▸ PROBLEM DESCRIPTION
Starting at the line that contains "Berdasar kondisi terkini" and stopping at the line that contains "Description: The morning", transcribe every line of the material below exactly; pictures stay out.

▸ EXTRACTED ENTRIES
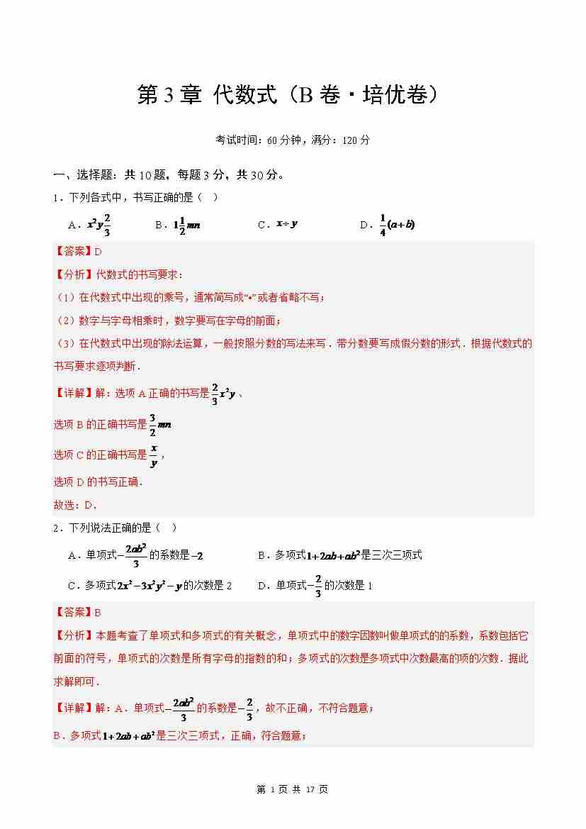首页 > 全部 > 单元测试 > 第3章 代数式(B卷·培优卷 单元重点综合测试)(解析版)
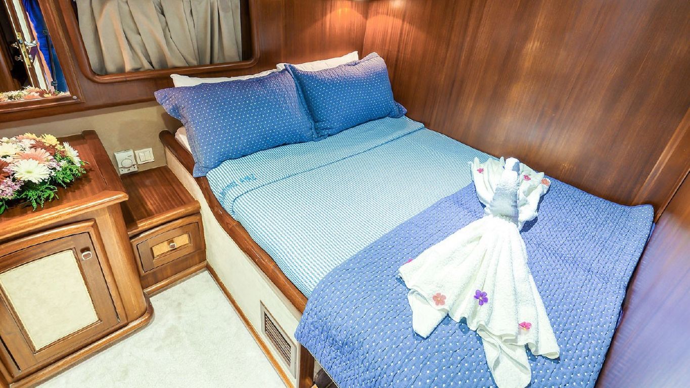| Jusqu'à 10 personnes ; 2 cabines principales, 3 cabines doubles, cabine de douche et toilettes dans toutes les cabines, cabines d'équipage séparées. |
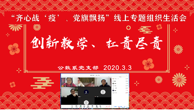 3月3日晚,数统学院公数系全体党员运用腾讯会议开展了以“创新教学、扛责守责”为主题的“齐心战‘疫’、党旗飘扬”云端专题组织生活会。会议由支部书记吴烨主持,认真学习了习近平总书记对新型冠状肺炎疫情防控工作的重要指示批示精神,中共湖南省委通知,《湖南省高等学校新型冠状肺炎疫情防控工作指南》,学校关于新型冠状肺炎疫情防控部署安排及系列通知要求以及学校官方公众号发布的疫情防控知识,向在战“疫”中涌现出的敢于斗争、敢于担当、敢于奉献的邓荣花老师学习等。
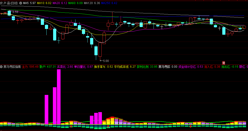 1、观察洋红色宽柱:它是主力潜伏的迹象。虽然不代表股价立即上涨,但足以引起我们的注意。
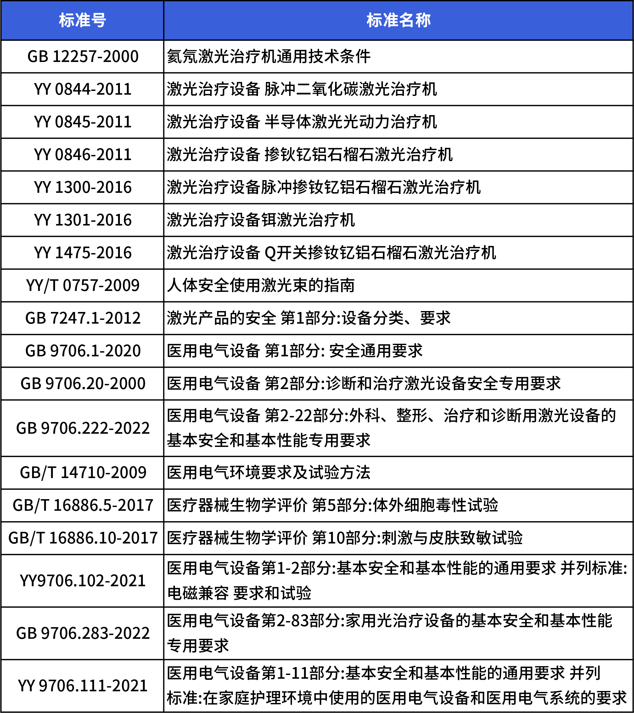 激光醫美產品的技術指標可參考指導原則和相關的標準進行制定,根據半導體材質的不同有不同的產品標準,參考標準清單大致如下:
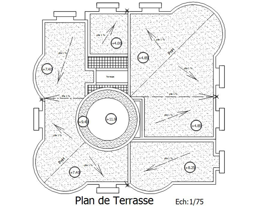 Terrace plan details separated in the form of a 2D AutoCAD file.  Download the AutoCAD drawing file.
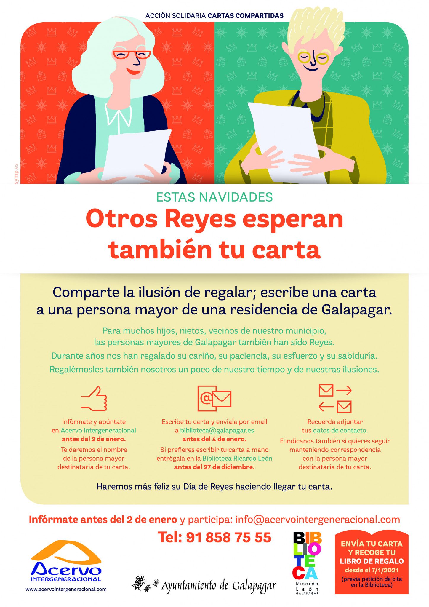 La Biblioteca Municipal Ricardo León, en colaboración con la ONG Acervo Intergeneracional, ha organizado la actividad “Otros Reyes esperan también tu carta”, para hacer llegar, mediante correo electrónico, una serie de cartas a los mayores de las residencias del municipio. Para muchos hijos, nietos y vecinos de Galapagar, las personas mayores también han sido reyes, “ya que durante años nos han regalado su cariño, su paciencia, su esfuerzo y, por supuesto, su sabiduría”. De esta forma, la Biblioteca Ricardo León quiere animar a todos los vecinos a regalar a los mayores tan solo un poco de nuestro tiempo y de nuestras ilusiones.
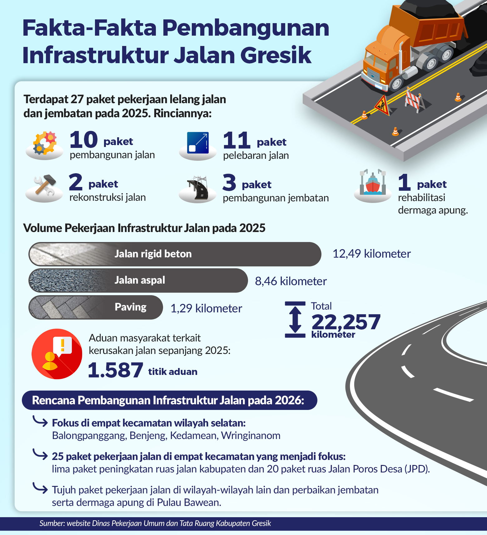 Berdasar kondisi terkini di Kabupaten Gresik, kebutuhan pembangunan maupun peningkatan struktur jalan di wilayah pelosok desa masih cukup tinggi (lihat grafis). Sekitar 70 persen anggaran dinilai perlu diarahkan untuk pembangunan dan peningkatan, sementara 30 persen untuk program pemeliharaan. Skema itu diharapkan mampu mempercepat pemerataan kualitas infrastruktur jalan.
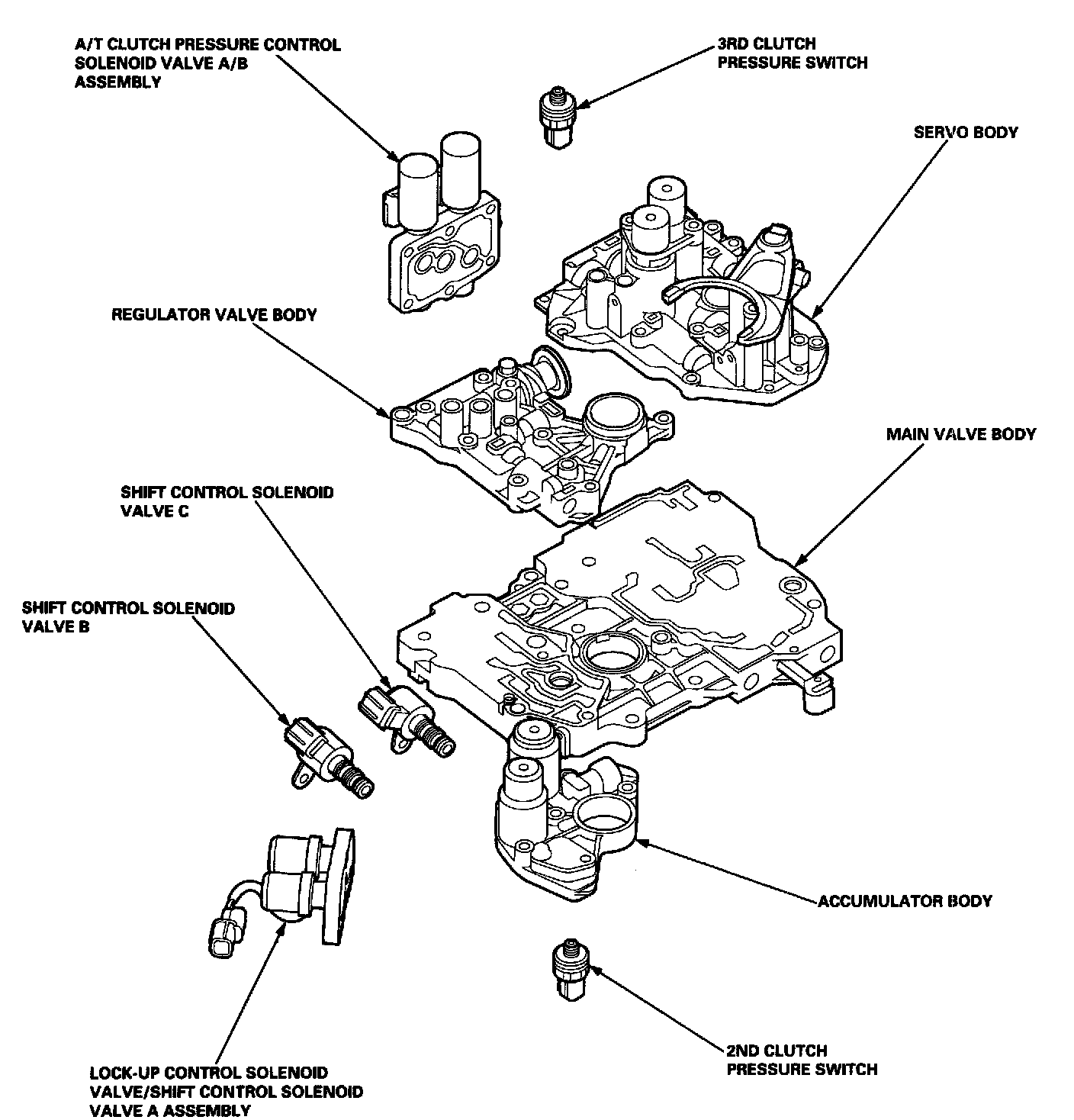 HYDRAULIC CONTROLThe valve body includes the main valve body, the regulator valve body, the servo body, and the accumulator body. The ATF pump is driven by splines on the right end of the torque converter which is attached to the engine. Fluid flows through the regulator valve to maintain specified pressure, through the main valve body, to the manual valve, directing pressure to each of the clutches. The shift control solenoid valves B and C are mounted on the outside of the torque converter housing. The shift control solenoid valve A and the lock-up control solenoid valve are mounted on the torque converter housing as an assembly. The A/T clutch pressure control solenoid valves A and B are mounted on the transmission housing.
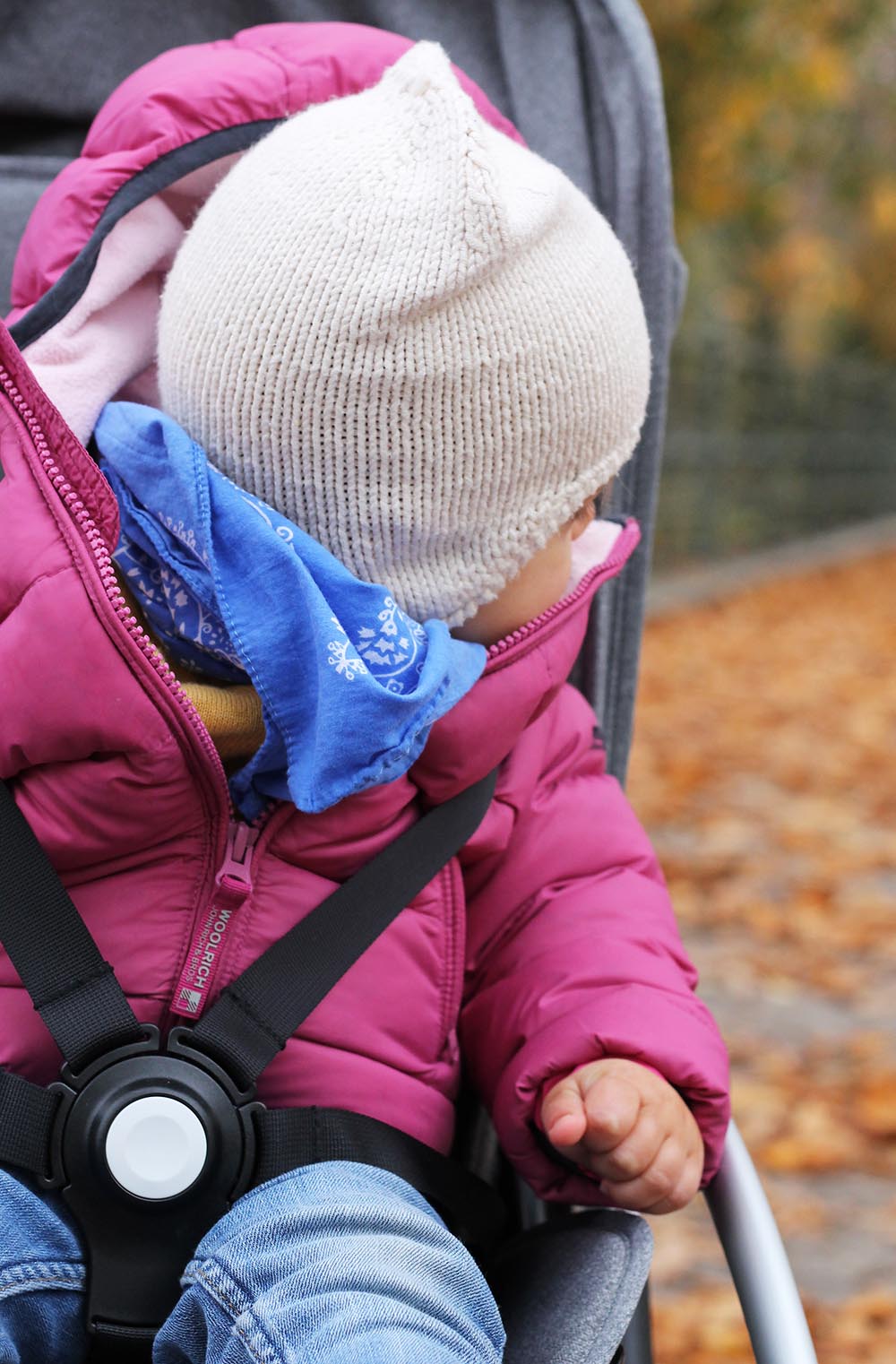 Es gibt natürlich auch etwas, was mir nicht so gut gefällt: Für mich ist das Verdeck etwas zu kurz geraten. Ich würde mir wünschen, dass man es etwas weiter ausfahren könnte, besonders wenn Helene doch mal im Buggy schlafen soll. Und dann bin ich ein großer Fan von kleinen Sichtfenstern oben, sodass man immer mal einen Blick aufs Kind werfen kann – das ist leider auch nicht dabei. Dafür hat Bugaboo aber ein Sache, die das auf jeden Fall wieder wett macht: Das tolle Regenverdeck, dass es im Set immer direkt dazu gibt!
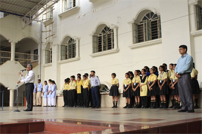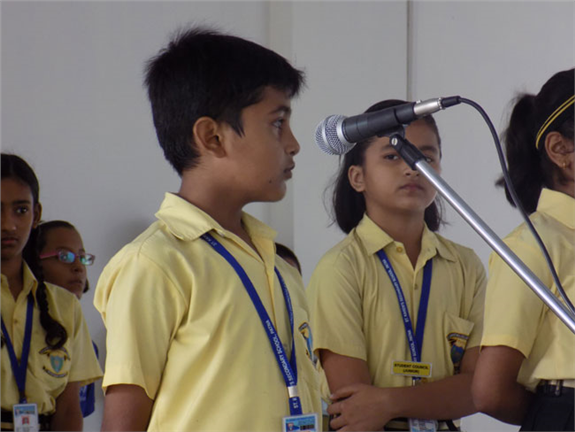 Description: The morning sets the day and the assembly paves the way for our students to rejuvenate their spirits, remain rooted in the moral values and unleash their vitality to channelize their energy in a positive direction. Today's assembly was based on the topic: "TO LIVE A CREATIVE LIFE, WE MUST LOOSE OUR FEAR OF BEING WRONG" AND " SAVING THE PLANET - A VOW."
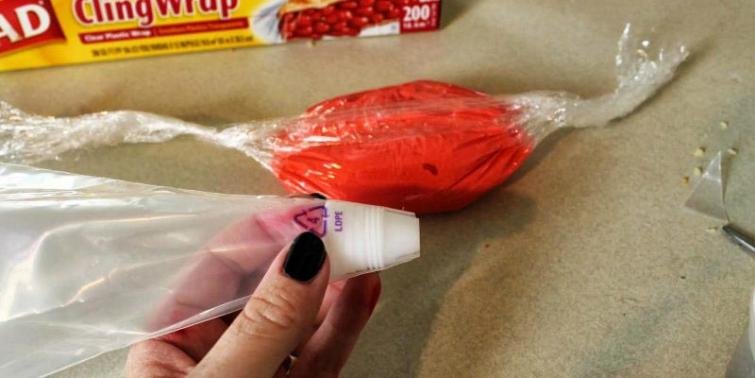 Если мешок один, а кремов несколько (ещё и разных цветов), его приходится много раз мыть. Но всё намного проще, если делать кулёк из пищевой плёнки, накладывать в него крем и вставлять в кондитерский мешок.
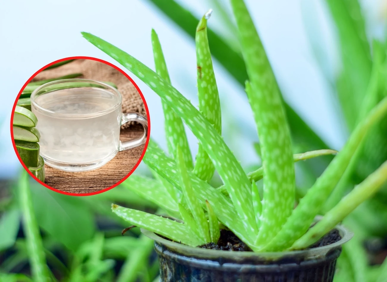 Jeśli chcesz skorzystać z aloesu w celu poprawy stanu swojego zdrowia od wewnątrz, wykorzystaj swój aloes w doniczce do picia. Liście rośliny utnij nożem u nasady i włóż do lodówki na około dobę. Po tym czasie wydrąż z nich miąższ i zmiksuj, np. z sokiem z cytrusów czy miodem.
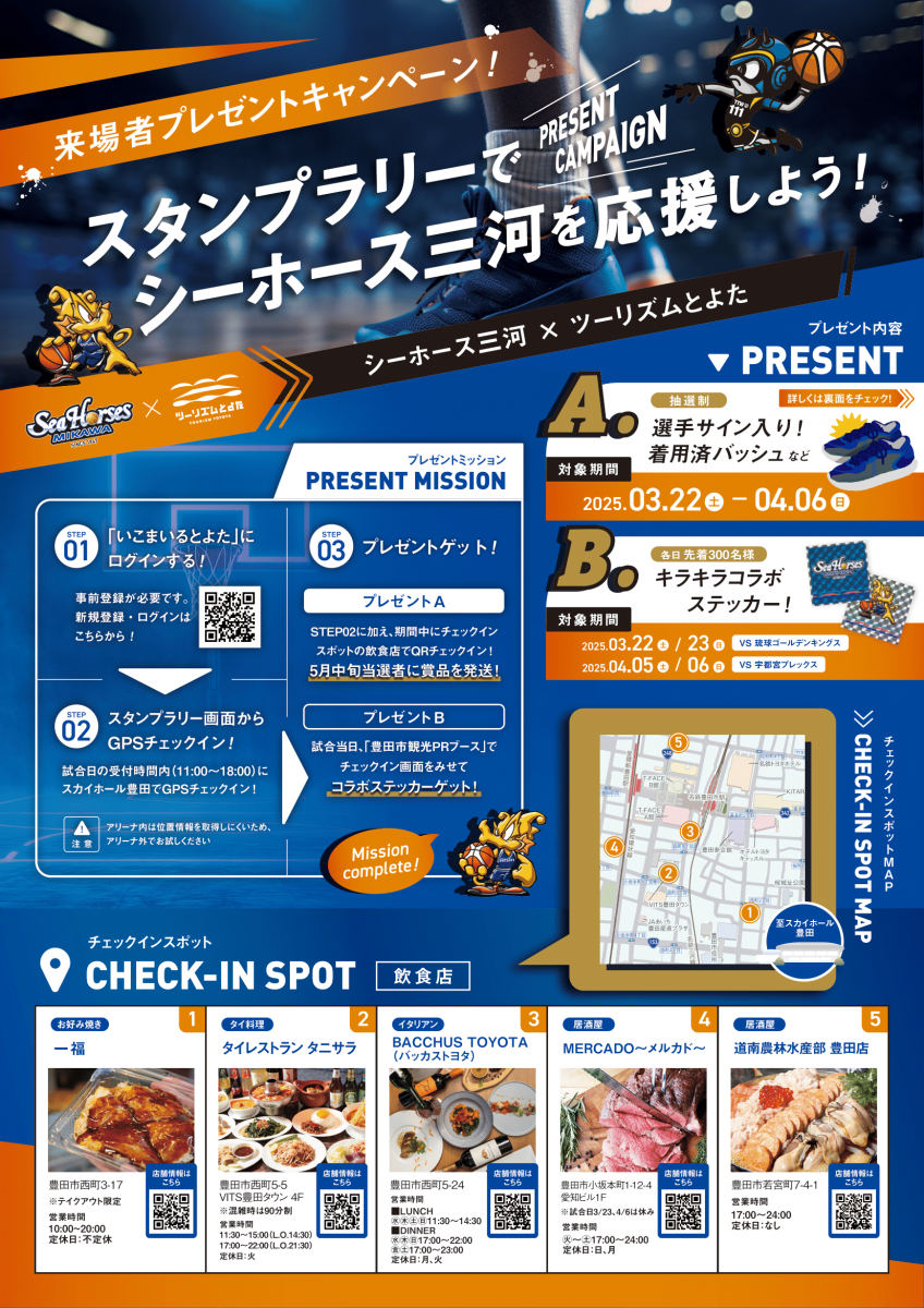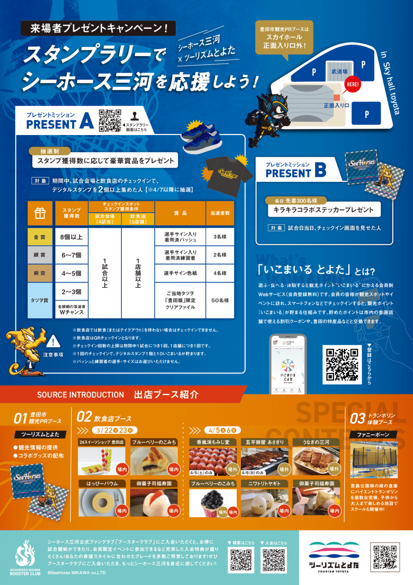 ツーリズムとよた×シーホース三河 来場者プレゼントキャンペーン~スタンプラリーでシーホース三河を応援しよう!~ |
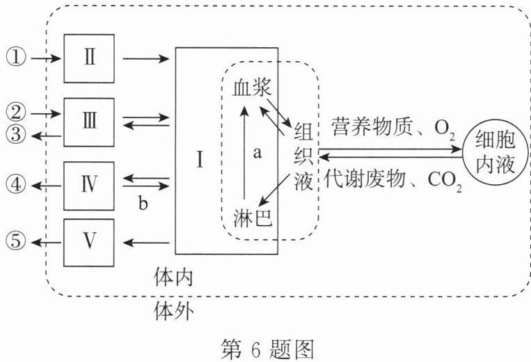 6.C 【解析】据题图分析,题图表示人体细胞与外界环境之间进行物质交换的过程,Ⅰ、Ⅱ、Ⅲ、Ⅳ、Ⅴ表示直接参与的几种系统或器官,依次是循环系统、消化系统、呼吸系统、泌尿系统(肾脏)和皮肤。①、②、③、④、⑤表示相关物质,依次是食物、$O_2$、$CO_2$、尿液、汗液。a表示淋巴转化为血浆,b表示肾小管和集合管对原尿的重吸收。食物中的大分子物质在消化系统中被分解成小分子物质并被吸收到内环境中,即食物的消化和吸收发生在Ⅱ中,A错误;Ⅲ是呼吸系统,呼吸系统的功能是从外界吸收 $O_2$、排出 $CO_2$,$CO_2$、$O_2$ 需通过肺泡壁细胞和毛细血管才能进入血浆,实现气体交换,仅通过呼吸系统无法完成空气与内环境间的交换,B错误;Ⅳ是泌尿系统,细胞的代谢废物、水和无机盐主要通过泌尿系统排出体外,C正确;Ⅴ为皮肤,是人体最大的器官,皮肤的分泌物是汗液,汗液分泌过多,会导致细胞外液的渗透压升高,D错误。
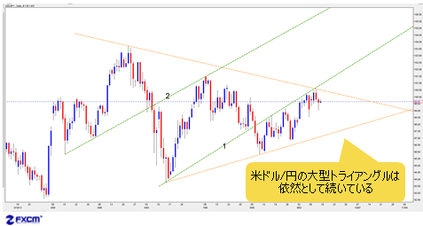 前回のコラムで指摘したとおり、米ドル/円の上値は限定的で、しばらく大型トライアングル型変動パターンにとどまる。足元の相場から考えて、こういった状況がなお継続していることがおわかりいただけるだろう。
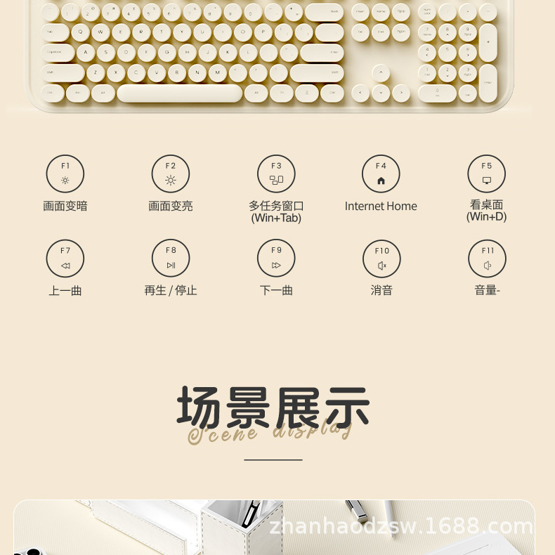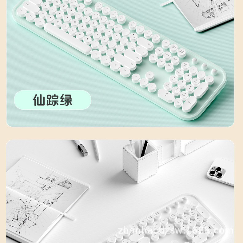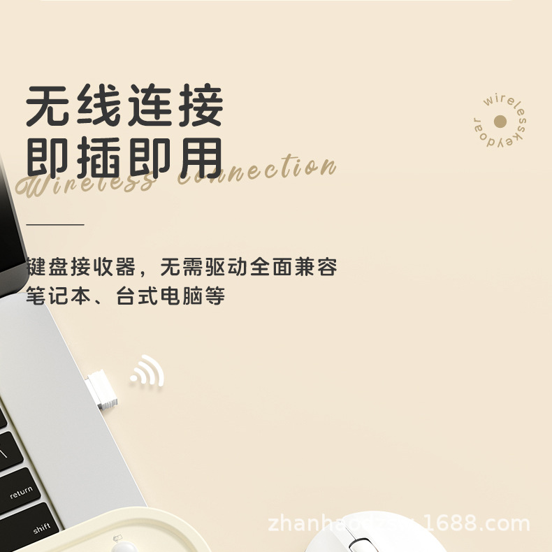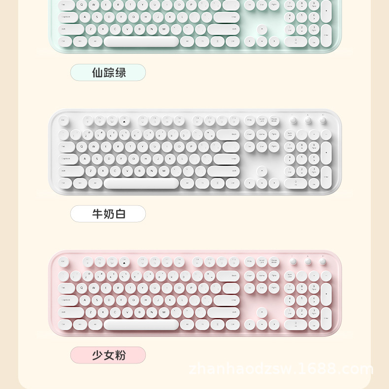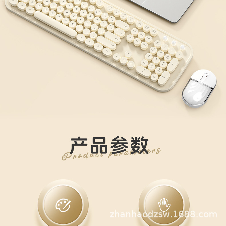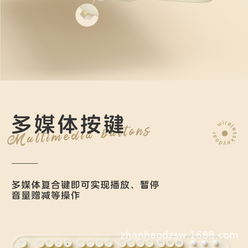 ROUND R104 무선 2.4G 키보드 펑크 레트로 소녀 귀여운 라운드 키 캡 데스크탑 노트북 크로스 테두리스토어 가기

▸ RESPONSE TO THE EXERCISE
 Berdasar kondisi terkini di Kabupaten Gresik, kebutuhan pembangunan maupun peningkatan struktur jalan di wilayah pelosok desa masih cukup tinggi (lihat grafis). Sekitar 70 persen anggaran dinilai perlu diarahkan untuk pembangunan dan peningkatan, sementara 30 persen untuk program pemeliharaan. Skema itu diharapkan mampu mempercepat pemerataan kualitas infrastruktur jalan.
 HYDRAULIC CONTROLThe valve body includes the main valve body, the regulator valve body, the servo body, and the accumulator body. The ATF pump is driven by splines on the right end of the torque converter which is attached to the engine. Fluid flows through the regulator valve to maintain specified pressure, through the main valve body, to the manual valve, directing pressure to each of the clutches. The shift control solenoid valves B and C are mounted on the outside of the torque converter housing. The shift control solenoid valve A and the lock-up control solenoid valve are mounted on the torque converter housing as an assembly. The A/T clutch pressure control solenoid valves A and B are mounted on the transmission housing.
 Es gibt natürlich auch etwas, was mir nicht so gut gefällt: Für mich ist das Verdeck etwas zu kurz geraten. Ich würde mir wünschen, dass man es etwas weiter ausfahren könnte, besonders wenn Helene doch mal im Buggy schlafen soll. Und dann bin ich ein großer Fan von kleinen Sichtfenstern oben, sodass man immer mal einen Blick aufs Kind werfen kann – das ist leider auch nicht dabei. Dafür hat Bugaboo aber ein Sache, die das auf jeden Fall wieder wett macht: Das tolle Regenverdeck, dass es im Set immer direkt dazu gibt!
 Description: The morning sets the day and the assembly paves the way for our students to rejuvenate their spirits, remain rooted in the moral values and unleash their vitality to channelize their energy in a positive direction. Today's assembly was based on the topic: "TO LIVE A CREATIVE LIFE, WE MUST LOOSE OUR FEAR OF BEING WRONG" AND " SAVING THE PLANET - A VOW."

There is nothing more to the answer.